▶ _SUPPLIED ENTRIES_
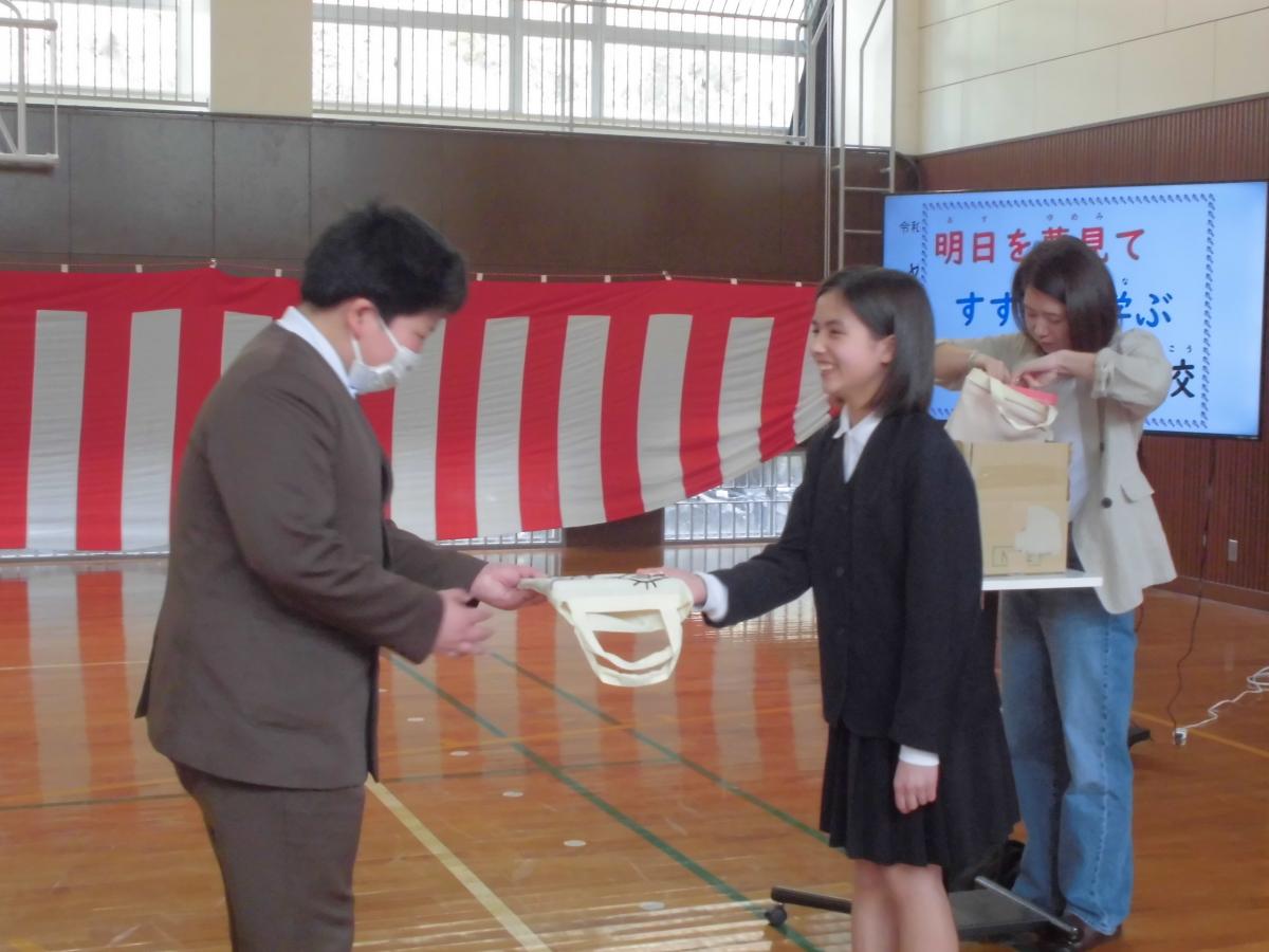 中学校3年生5名が中心となって、校内等の皆さんに呼びかけ、「是非ほしいです!」と声をあげた本校に届くことになりました。神田女学園ソフトボール全国大会優勝記念の水筒や校章入りのエコバッグ、シャープペンシルや替え芯、鉛筆等本当にたくさんの物をいただきました。
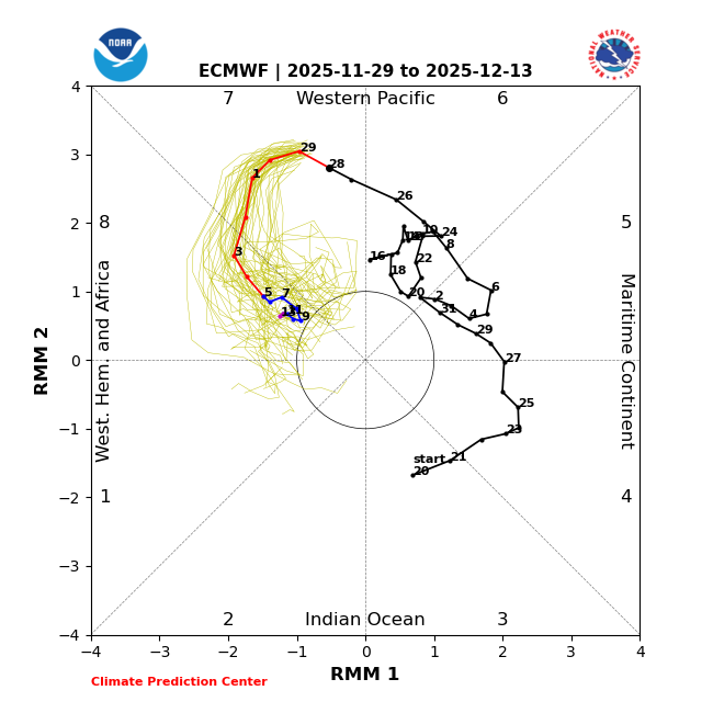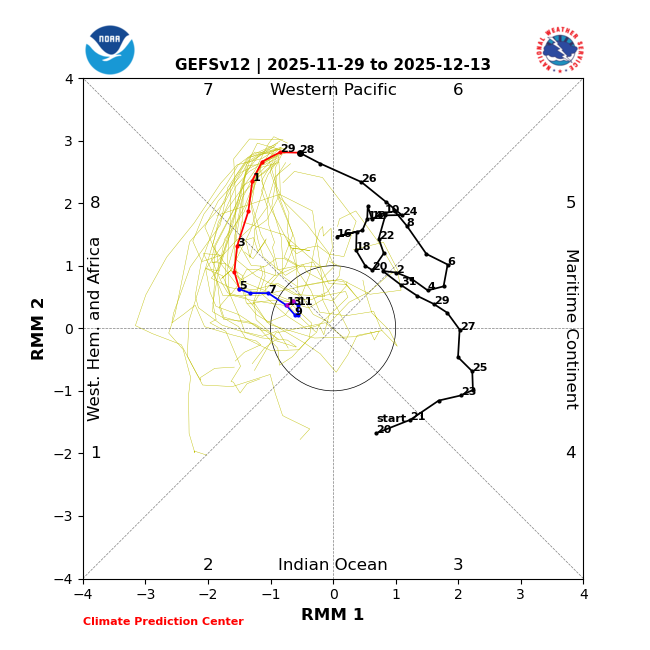 MJO from today’s 2 week runs: both now have 11+ day long phase 8s, longest since Feb 2010 and longest Dec since 1975. GEFS is all in 8 12/3-13 vs yesterday’s 7 for same period: EPS is same as yesterday:
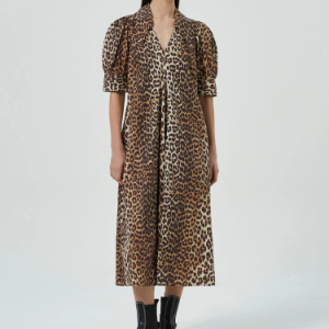 • GANNI Printed Cotton Poplin V-neck Long Dress - Brown
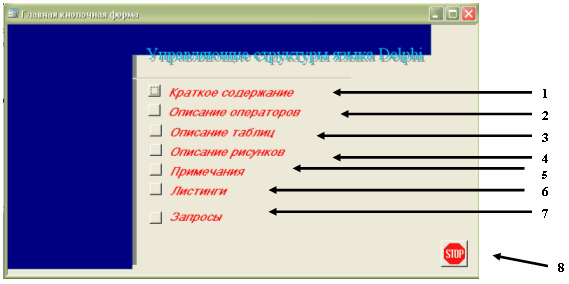 (Літературне джерело: “Культин Н.Б. Основы программирования в Delphi 7. – СПб.: БХВ-Петербург, 2003. – 608 с.: ил”. Розділ: “Глава 2. Управляющие сруктуры языка Delphi”, сторінки: 85–123)»
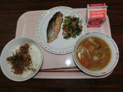 11月9日の給食のメニューは「ごはん、カミカミ佃煮、鮭の塩麹焼き、お浸し、豚汁、牛乳」です。
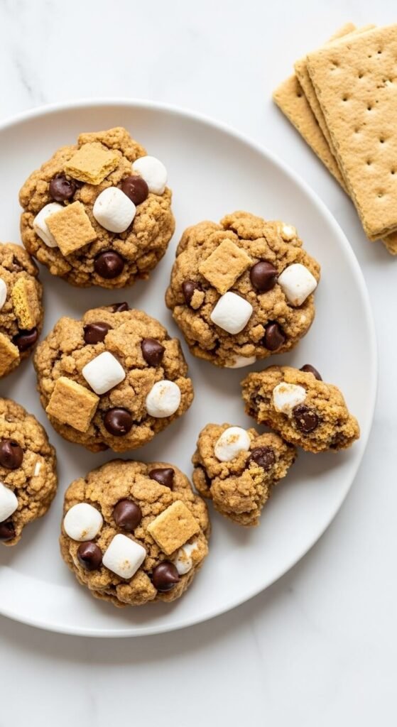 The standard no-bake cookie method — butter, sugar, milk, and cocoa powder brought to a rolling boil, then poured over oats — gets a s’mores treatment by replacing half the oats with crushed graham crackers and mini marshmallows added after the heat is off. Add the marshmallows immediately before dropping onto parchment so they soften slightly but don’t melt completely. Drop by spoonfuls onto parchment and let set at room temperature for 30 minutes. The graham crackers give a slightly denser, crumblier texture than all-oat versions. These set faster on a cool day and slower in summer heat — refrigerate them if your kitchen is warm.

▶ _TO DO_
None of the pictures should be copied, but every record above must be restated in full.

▶ _RESULT BELOW_
 中学校3年生5名が中心となって、校内等の皆さんに呼びかけ、「是非ほしいです!」と声をあげた本校に届くことになりました。神田女学園ソフトボール全国大会優勝記念の水筒や校章入りのエコバッグ、シャープペンシルや替え芯、鉛筆等本当にたくさんの物をいただきました。
 MJO from today’s 2 week runs: both now have 11+ day long phase 8s, longest since Feb 2010 and longest Dec since 1975. GEFS is all in 8 12/3-13 vs yesterday’s 7 for same period: EPS is same as yesterday:
 • GANNI Printed Cotton Poplin V-neck Long Dress - Brown
 (Літературне джерело: “Культин Н.Б. Основы программирования в Delphi 7. – СПб.: БХВ-Петербург, 2003. – 608 с.: ил”. Розділ: “Глава 2. Управляющие сруктуры языка Delphi”, сторінки: 85–123)»
 11月9日の給食のメニューは「ごはん、カミカミ佃煮、鮭の塩麹焼き、お浸し、豚汁、牛乳」です。
 The standard no-bake cookie method — butter, sugar, milk, and cocoa powder brought to a rolling boil, then poured over oats — gets a s’mores treatment by replacing half the oats with crushed graham crackers and mini marshmallows added after the heat is off. Add the marshmallows immediately before dropping onto parchment so they soften slightly but don’t melt completely. Drop by spoonfuls onto parchment and let set at room temperature for 30 minutes. The graham crackers give a slightly denser, crumblier texture than all-oat versions. These set faster on a cool day and slower in summer heat — refrigerate them if your kitchen is warm.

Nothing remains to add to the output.